Configuration Settings

You may configure specific parameters for Batch Extraction to optimize the extract process for speed and costs if you have Advanced Options enabled.

📘

Cluster Settings are Shared!

Whatever cluster settings you set for Batch Extraction will be shared with ingestion for this same task. For example, configuring an Interactive Cluster for means that both extract and ingest will use this same cluster during Acquisition.

When Batch Extraction is selected, you may elect to customize certain cluster parameters for optimization purposes.

When Batch Extraction is selected, you may elect to customize certain cluster parameters for optimization purposes.

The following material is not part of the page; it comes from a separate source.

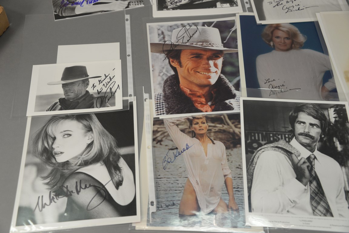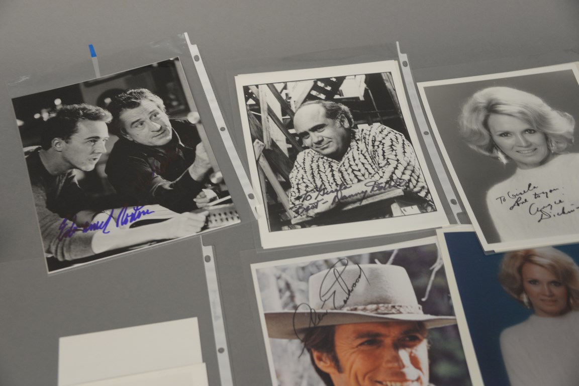 Group of 46 photographs, 26 are autographed including 1 Vic Damone, 1 Bette Davis, 2 Arlene Dahl, 3 Sandra Dee, 1 Bo Derek, 1 Neil Diamond, 1 Gloria DeHaven, 1 Rebecca De Mornay, 3 Robert DeNiro, 1 Danny DeVito, 1 Bradford Dillman, 3 Angie Dickinson, 1 Kevin Dobson, 1 Leslie Ann Down, 1 Faye Dunaway, 3 Clint Eastwood, and 1 Sam Elliot and 20 unsigned photographs to include 2 Arlene Dahl, 5 Sandra Dee, 2 John Derek, 4 Bo Derek, 1 Vera Ellen, and 6 Sam Elliot.

Batch Extraction (Recommended): This setting is optimal for executing data extraction efficiently. It processes multiple data objects together in a single, streamlined operation, conserving resources and minimizing execution time.

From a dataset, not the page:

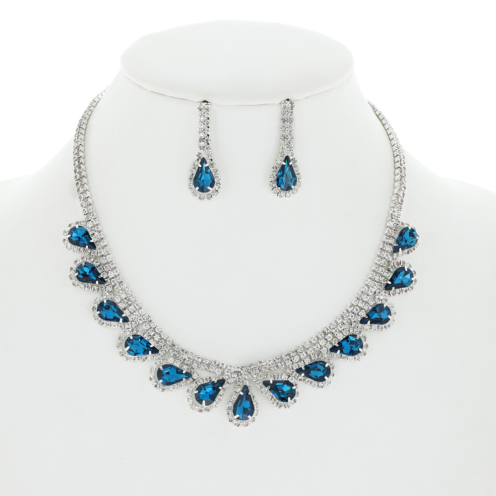 CRYSTAL PAVE TEARDROP CLUSTER PRINCESS NECKLACE EARRINGS SET

Non-Batch Extraction: This setting will process each object individually. Only choose this option if your specific use cases require it, but be aware that it can result in higher operational costs due to increased executions.

If Batch Extraction is selected, you may enable precise control to optimize performance based on your specific acquisition requirements.

Cluster Type

The cluster type determines the computing setup for processing your data. There are three options:

  • Interactive: This type allows you to specify a specific cluster you want to be used by entering the name of the cluster.
  • Single Node: Utilizes one processing unit, suitable for simpler tasks. This option will affect the available configurations for the other settings below.
  • Multi-Node: Employs multiple processing units for handling larger or more complex data operations efficiently. Like Single Node, choosing this type will adjust options available in the subsequent settings.

Node Size

Node size adjusts to the computational power allocated for your tasks within the cluster. Selecting a node size—Small, Medium, or Large—affects the processing capacity and resource availability, allowing you to balance performance requirements against cost.

Spark Workers

Spark Workers are additional processing units that can be added atop the base worker within a Multi-Node setup. Increasing the number of Spark Workers enhances the distributed computing capabilities, allowing more effective distribution and parallel processing of data workloads.

Job Concurrency

Job Concurrency pertains to the number of jobs that can run simultaneously within the cluster. By configuring this option, you can enable parallel execution of multiple tasks, maximizing resource utilization and throughput, particularly beneficial for larger node sizes.

Supported Source Types

The following data sources are supported for batch extraction:

  • Service Now
  • Argus
  • Kronos
  • Azure Cost Management
  • Azure Devops
  • AttendanceOnDemand
  • Microsoft Access
  • Guild Quality
  • Five9
  • Azure Data Lake Storage
  • Facebook Ads
  • Workday
  • Workday RaaS
  • Google Analytics
  • Textura
  • Kafka
  • Azure EventHubs
  • Dynamics CE - Direct
  • Dynamics FO - Direct
  • Dynamics FO - Synapse Link
  • Dynamics CE - Synapse Link
  • Dataverse
  • Databricks
  • Birdeye
  • SAP SAC
  • ORIGAMI
  • Primavera P6
  • NetSuite
  • Azure SQL Server
  • Salesforce
  • MySQL
  • PostgreSQL
  • CLMA
  • Microsoft Entra
  • Snowflake
  • FTP Server